“I am here for my child Dinalo and for all the kids. I am angry and sad that politicians in Sweden are acting against the climate,” Katarina Utne, 41, a mother of a four-year-old and human resources coach, told AFP.
The women unfurled their scarves and marched for several hundred metres, singing and holding placards calling to “save the climate for the children’s future”.
“The previous government was acting too slowly. The current government is going in the wrong direction in terms of climate policy,” said psychologist Sara Nilsson Lööv, referring to a recent report on Swedish climate policy.
The government, led by the conservative Prime Minister Ulf Kristersson and supported by the far-right Sweden Democrats, is in danger of failing to meet its 2030 climate targets, an agency tasked with evaluating climate policy recently reported.
According to the Swedish Climate Policy Council, the government has made decisions, including financial decisions, that will increase greenhouse gas emissions in the short term.
“Ordinary people have to step up.

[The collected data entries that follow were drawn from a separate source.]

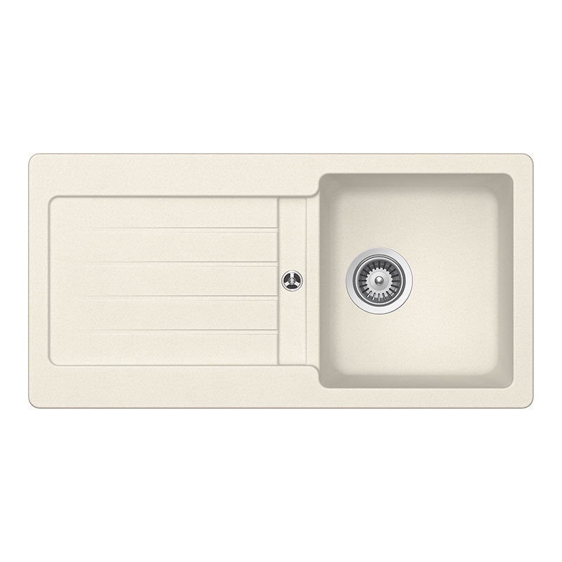 Schock Typos D-100S konyhai mosogatótálca Cristalite Moonstone 860 x 435 mm, gránit kompozit, megfordítható, hagyományos beépítés, vanilla, beépíthetőSCHOCK Formhaus D-100 Cristalite Moonstone 860 x 500 mm gránit mosogatótálca, szifonnal, bézs, beépíthető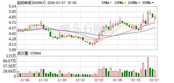 岳阳林纸(600963.SH)发预亏,预计2025年归母净亏损2亿元-2.6亿元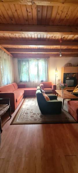Hangulatos vidéki ház!Székesfehérvártól 11 km-re, Sárszentmihályon, buszmegállótól 700 m-re, 880 m2-es szép, jó kialakítású részben panorámás telekre, az 50-es években épült, a nyolcvanas években bővített egyszintes, jellegzetes, nappali kétszobás, 75 m2 hasznos lakóterű, 20m2-es terasszal, DK-i tájolású családi ház, pincével, eladó.Az utcáról az udvaron át megközelíthető házba, a fedett teraszról léphetünk, az előtérbe, melyből a nappali egy szoba és a fürdőszoba érhető el. A szobába belépve pedig a harmadik szobát érjük el.A ház az 50-es években épült vályogból, fa födémmel.1980-ban a házat bővítették, az akkori kornak megfelelően rendbe rakták, modernizálták.A ház egyik fele téglából a másik vályogból épült, fa nyílászárokkal, cserépfedéssel, a fűtését cserépkályha biztosítja, a meleg vizet villanybojler.Közművek közül a víz, villany, csatorna bevezetésre került, a gáz az utcában megtalálható.A szobákban laminált parketta, a többi helyiségben járólapokat helyeztek el.A ház állapotát tekintve felújítandó, de remek alap egy szép otthon kialakítására, amit a ház elrendezése lehetővé tesz. KörnyékDimbes-dombos, csendes, családi házas övezet, központhoz, főúthoz, autóbusz megállóhoz közel.MegközelíthetőségTömegközlekedéssel is könnyen megközelíthető a helyijáratos autóbusszal, a buszmegálló kb. 700 m-re van.Kiváló adottságú ház, szép helyen, hívjon, és nézzük meg, tetszeni fog!sarszentmihalyhaz, olcsonhaz, kerteshaz, 3szobasház, felujítandohaz,

Sweden is not the worst country but has been better previously,” 67-year-old pensioner Charlotte Bellander said.
The global movement, Mothers Rebellion, was established by a group of mothers in Sweden, Germany, the USA, Zambia and Uganda.
It organises peaceful movements in public spaces by sitting and singing but does not engage in civil disobedience, unlike the Extinction Rebellion movement, which some of its organisers came from.